Devereux looked at the ground. Half hidden by snow and ice he could just see where tent posts had been driven into the permafrost. Trampled, muddled snow and ice betrayed the presence of men in the last few days. His eye traced the ghostly outline of the tent, and he realized it had surrounded a single grave. Treading carefully, Devereux stepped across the snow and looked down at the grave. He lifted one foot and placed it on the earth in front of the gravestone, and instantly felt it give slightly beneath him.

Devereux turned to his companions.

‘Unpack the shovels.’

The Inuit tracker looked at him, his tiny eyes squinting against the bitter wind and little specks of ice encrusting his eyelashes.

‘This is not proper,’ he said. ‘You disrespect our people by digging here.’

Devereux shook his head as one of the agents began handing out shovels.
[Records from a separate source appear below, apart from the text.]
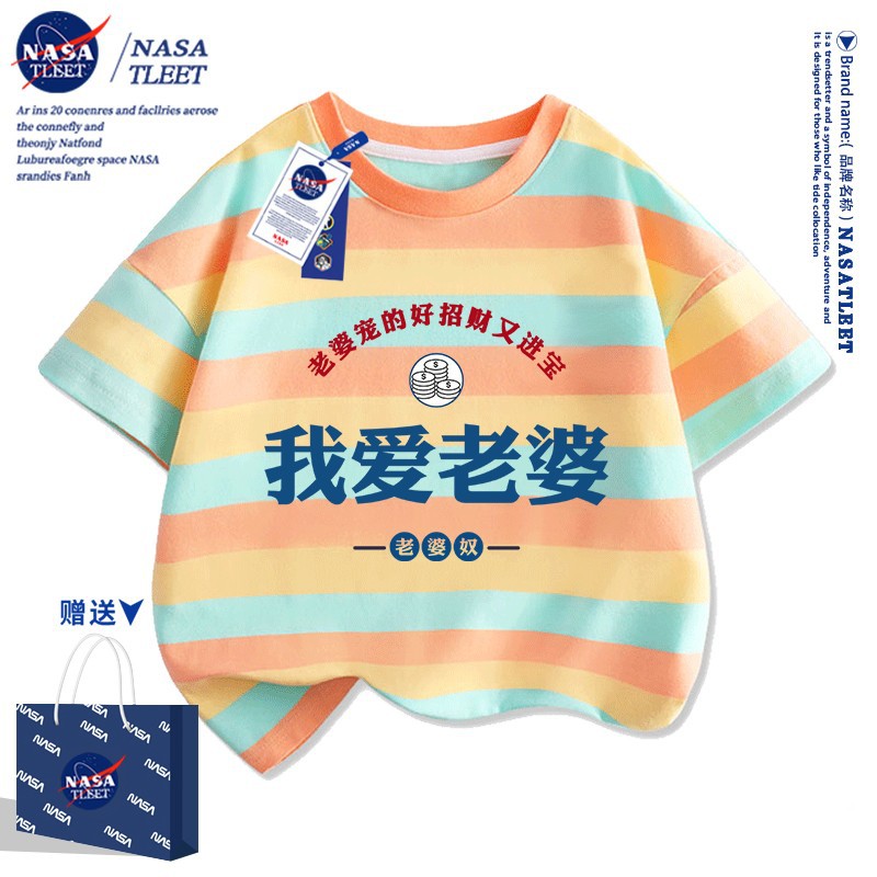 NASA 공동 브랜드 여름 남녀 아동복 올매치 반팔 유행 브랜드 텍스트 나는 내 아내가 인쇄 된 크루 넥 Bottoming 셔츠 쿨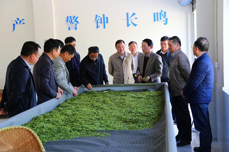 48,安徽农垦集团总经理刘超率农水科技部、土地部负责人到皖垦茶区开展调研督导,实地察看春茶生产情况后,在敬亭绿雪文化馆主持调研督导会。茶业集团领导班子及所属4个茶场场长参加调研汇报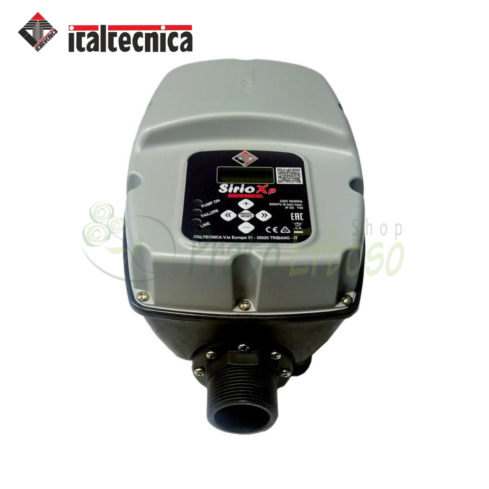 El inversor Universal Sirio XP de Italtecnica es un dispositivo electrónico que controla el arranque y la parada de una bomba eléctrica hasta 2,5 HP.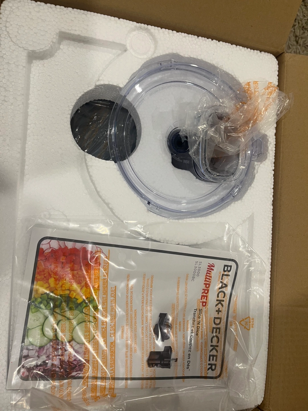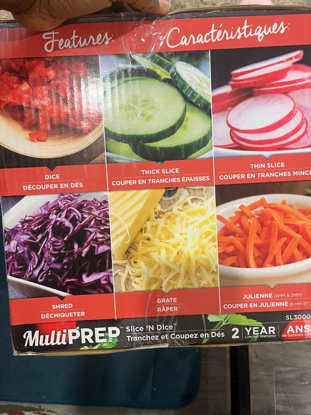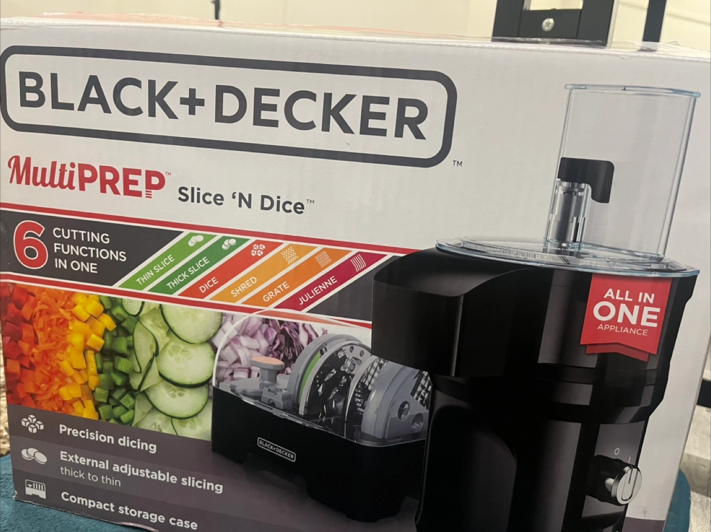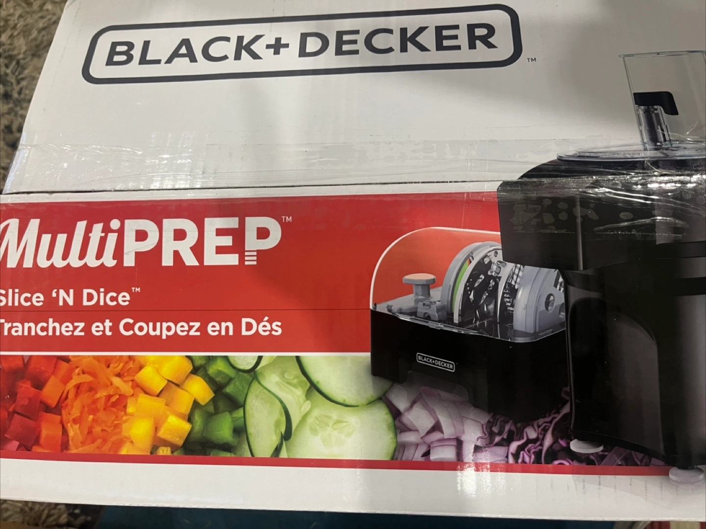 142I'm selling a brand new Black+Decker MultiPrep Slice 'N Dice food processor! It comes with the box and all the original components. This all-in-one appliance has 6 cutting functions, including thin slice, thick slice, dice, shred, grate, and julienne. It features external adjustable slicing from thick to thin and has a compact storage case.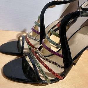 Ivanka Trump ITHAYZE8 Strappy Black Colorful Leather High Heels Sandals Size 9.5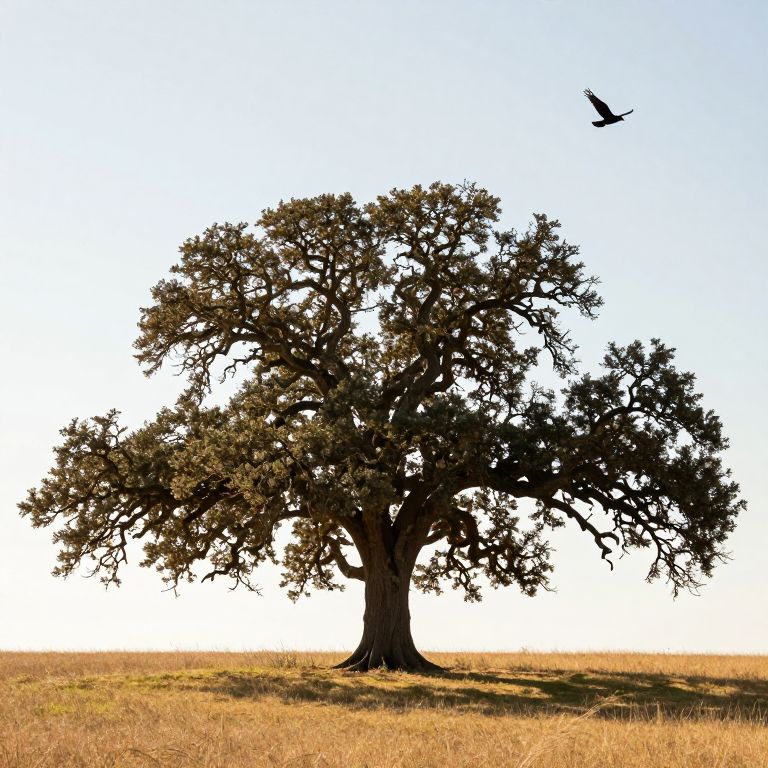 Majestic oak stands alone against a pale sky, its gnarled branches reaching outward like skeletal arms, while a solitary bird soars above, casting a shadow over the golden grass below.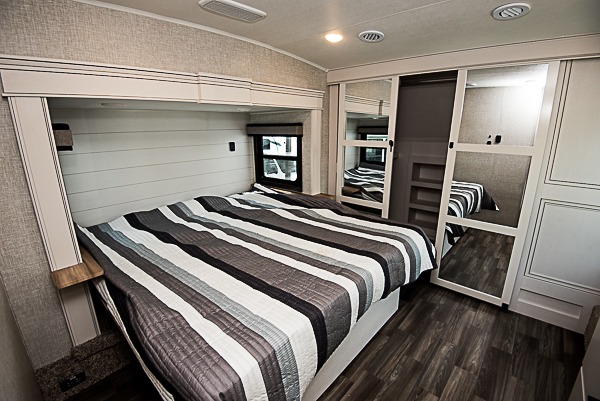 With any Eagle fifth wheel or travel trailer by Jayco you will appreciate durable construction materials, like the Magnum Truss Roof and the Stronghold VBL laminated walls. The JAYCOMMAND Smart RV system puts you in control of your RV's functions, and the 5 Star Handling Package will provide smooth towing from home to camp. Each model features Climate Shield zero-degree tested weather protection and the industry-exclusive HELIX cooling system that features two 15,000 BTU Whisper Quiet A/C's to keep you comfortable year around. Some of the exterior conveniences you are sure to love are the pass-through storage with Slam-Latch baggage doors and an automotive style front cap with max turn radius. The Eagle fifth wheels and travel trailers are designed to make you feel at home with solid hardwood slide fascia, residential vinyl flooring, a bathroom skylight, and plenty of storage for all your belongings.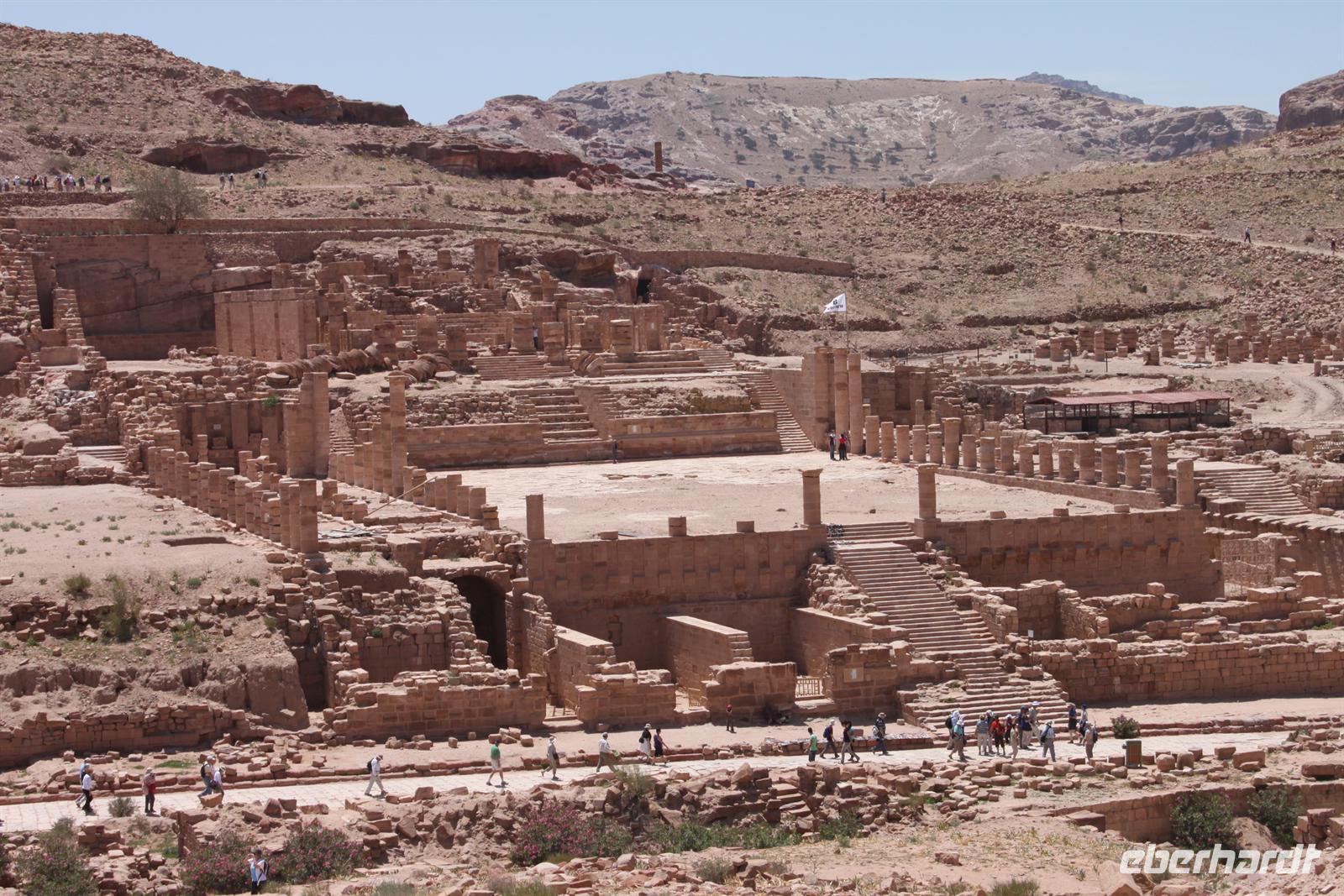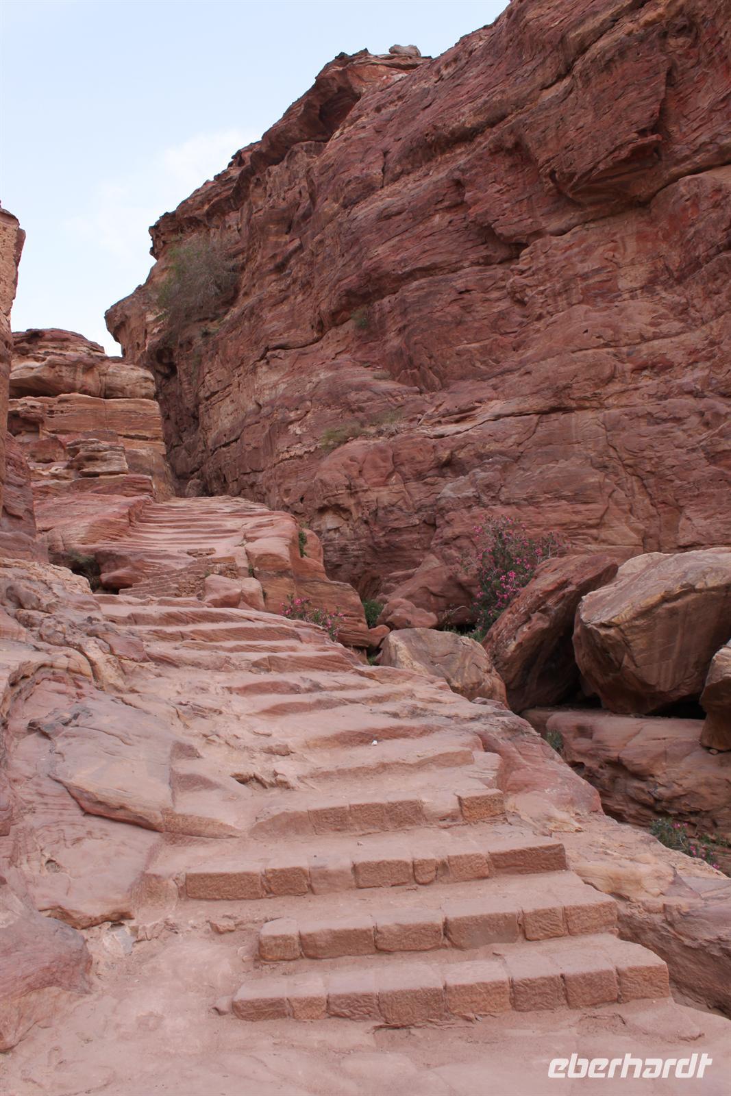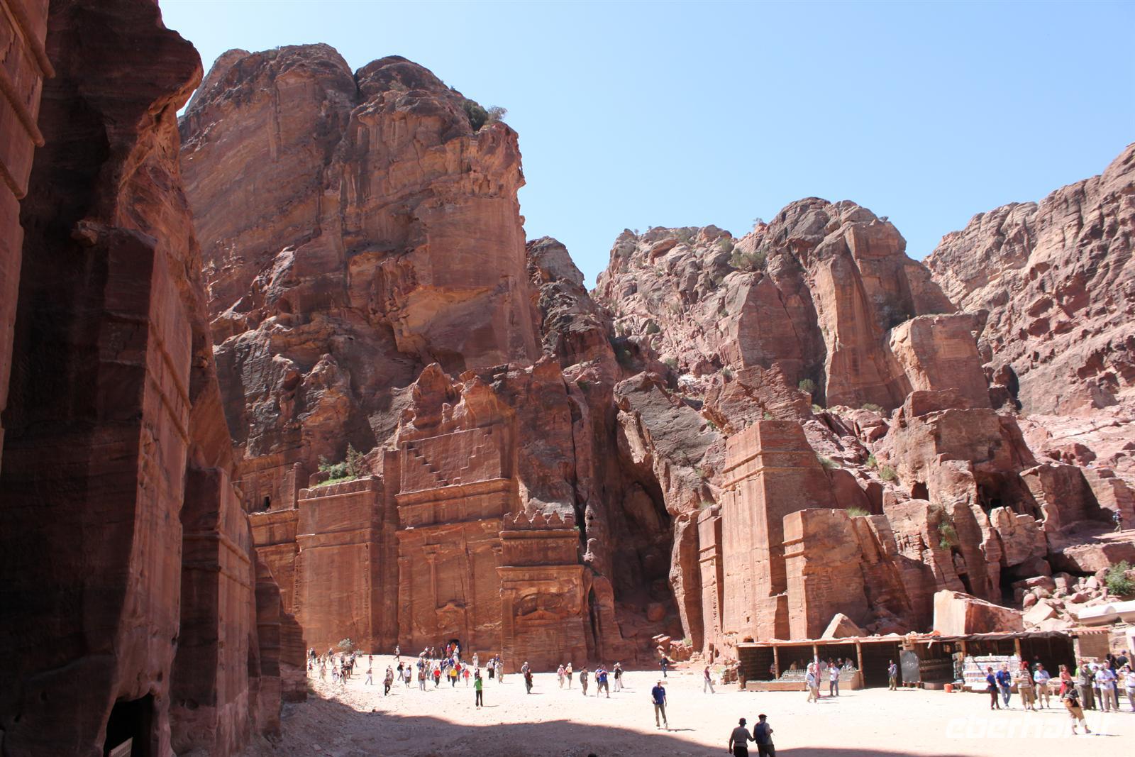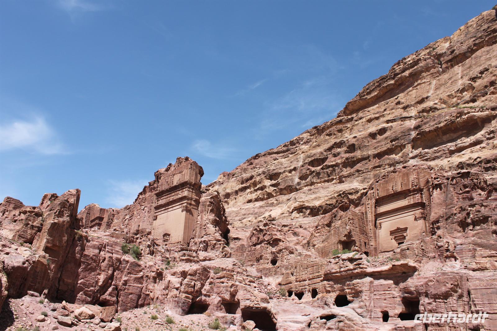 Am nächsten Tag war es schließlich soweit. Gleich am Morgen fuhren wir die kurze Strecke nach Petra und machten uns auf Entdeckungstour. Der Weg durch das Eingangstal, den sogenannten Sik, kam dem ein oder anderem am ersten Tag noch etwas lang vor. Spätestens aber in Anbetracht des Schatzhauses schienen alle Mühen des Fußmarsches belohnt. Es folgte eine sehr ausführliche Wanderung - natürlich gemeinsam mit Mahmoud, der wirklich immer bei der Gruppe war. Wir lernten die Hauptsehenswürdigkeiten Petras kennen und legten eine Strecke von mindestens 10 Kilometer zurück. An dieser Stelle möchte ich als Reisebegleiterin noch einmal ausdrücklich ein Lob an alle meine Gäste aussprechen, die diese Etappe trotz der großen Hitze gemeistert haben. Gelohnt hat es sich allemal! Am nächsten Tag nutzten 13 Gäste die Möglichkeit, Petra gemeinsam mit Mahmoud und mir zu erkunden. Ein Teil unserer Gruppe ging mit Mahmoud auf den Opferberg und drei weitere Gäste machtern sich mit mir auf den Weg zum Kloster Ed Deir. Ohne Ausnahme war es für jeden ein unvergleichlich schöner Tag. Wer im Hotel blieb konnte sich stundenlang am Pool entspannen, spazieren gehen oder einfach mal „nur“ ein Buch lesen.

‘It’s not our choice,’ he said. ‘Your people have already been disrespected, we’re just trying to put it right. We’ve been ordered to do this for public safety. Whatever the people here were doing, it may not have been safe.’

The Inuit frowned.

‘I’d have thought that was obvious.’

Devereux stared at the Inuit as the agents behind him began driving their shovels into the icy earth. He was about to join them when, over the shoulder of the Inuit, he saw the town of Brevig Mission in the distance. The church spire of the Lutheran Memorial Church caught his attention. With a sudden jolt of memory, he recalled seeing an entire graveyard behind the church as they’d passed by.